REQUIRED ACTION.
Go through the entries below and print, exactly, the lines starting at the one with "Other | Died" and ending at the one with "İsrail'in 7 Ekim", keeping both ends and no others.

DATA LISTING.
####
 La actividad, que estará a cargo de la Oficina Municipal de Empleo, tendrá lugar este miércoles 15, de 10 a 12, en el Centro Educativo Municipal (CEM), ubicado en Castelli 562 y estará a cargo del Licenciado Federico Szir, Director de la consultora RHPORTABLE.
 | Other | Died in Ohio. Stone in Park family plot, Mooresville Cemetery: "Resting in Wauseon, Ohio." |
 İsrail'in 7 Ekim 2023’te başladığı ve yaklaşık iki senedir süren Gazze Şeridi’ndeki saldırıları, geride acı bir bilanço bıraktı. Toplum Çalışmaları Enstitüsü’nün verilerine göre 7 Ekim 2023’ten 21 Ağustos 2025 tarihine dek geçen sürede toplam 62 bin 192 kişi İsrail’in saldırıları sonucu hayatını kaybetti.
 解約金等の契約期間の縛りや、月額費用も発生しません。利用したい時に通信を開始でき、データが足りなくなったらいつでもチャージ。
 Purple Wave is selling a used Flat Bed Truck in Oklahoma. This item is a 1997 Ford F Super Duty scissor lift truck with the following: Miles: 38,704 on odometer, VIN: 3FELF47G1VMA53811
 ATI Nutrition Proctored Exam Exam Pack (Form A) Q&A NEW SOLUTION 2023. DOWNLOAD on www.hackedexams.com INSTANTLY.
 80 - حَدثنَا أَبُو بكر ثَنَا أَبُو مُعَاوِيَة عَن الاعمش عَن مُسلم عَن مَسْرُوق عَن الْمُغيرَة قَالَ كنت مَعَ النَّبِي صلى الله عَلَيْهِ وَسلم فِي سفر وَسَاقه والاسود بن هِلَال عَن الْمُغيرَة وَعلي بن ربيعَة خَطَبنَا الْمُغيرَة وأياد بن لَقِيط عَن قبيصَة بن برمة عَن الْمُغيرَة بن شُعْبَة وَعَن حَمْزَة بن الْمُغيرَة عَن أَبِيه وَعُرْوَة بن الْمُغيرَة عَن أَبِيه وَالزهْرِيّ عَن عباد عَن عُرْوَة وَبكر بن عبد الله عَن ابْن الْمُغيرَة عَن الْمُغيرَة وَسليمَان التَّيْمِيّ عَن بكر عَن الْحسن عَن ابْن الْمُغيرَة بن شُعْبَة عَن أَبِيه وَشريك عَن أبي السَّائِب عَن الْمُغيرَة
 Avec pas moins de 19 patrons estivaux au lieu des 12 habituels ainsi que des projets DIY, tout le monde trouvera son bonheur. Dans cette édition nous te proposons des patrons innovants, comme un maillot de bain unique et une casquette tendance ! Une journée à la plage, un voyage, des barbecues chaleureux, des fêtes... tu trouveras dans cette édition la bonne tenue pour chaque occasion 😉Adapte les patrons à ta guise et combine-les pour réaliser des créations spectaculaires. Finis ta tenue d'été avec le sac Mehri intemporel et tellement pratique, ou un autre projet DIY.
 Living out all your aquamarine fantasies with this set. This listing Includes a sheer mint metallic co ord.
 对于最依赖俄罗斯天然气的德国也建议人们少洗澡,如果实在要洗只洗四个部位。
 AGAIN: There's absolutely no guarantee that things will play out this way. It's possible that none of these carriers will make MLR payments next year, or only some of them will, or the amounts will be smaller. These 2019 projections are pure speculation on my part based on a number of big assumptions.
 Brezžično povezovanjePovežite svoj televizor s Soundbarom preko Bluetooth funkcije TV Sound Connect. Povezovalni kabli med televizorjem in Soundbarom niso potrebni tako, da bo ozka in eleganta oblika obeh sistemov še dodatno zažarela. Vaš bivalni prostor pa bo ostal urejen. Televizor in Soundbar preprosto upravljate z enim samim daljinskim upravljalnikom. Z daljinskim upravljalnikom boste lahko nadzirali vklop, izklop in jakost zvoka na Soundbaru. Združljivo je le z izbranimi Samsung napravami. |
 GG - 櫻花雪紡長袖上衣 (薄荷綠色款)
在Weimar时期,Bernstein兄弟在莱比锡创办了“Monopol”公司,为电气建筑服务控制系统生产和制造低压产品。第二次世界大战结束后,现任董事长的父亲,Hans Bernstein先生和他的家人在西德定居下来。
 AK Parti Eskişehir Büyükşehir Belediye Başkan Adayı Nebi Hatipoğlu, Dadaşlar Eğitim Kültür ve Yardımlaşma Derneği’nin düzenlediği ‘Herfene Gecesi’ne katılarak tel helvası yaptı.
####
ANSWER FOR THIS EXERCISE.
 | Other | Died in Ohio. Stone in Park family plot, Mooresville Cemetery: "Resting in Wauseon, Ohio." |
 İsrail'in 7 Ekim 2023’te başladığı ve yaklaşık iki senedir süren Gazze Şeridi’ndeki saldırıları, geride acı bir bilanço bıraktı. Toplum Çalışmaları Enstitüsü’nün verilerine göre 7 Ekim 2023’ten 21 Ağustos 2025 tarihine dek geçen sürede toplam 62 bin 192 kişi İsrail’in saldırıları sonucu hayatını kaybetti.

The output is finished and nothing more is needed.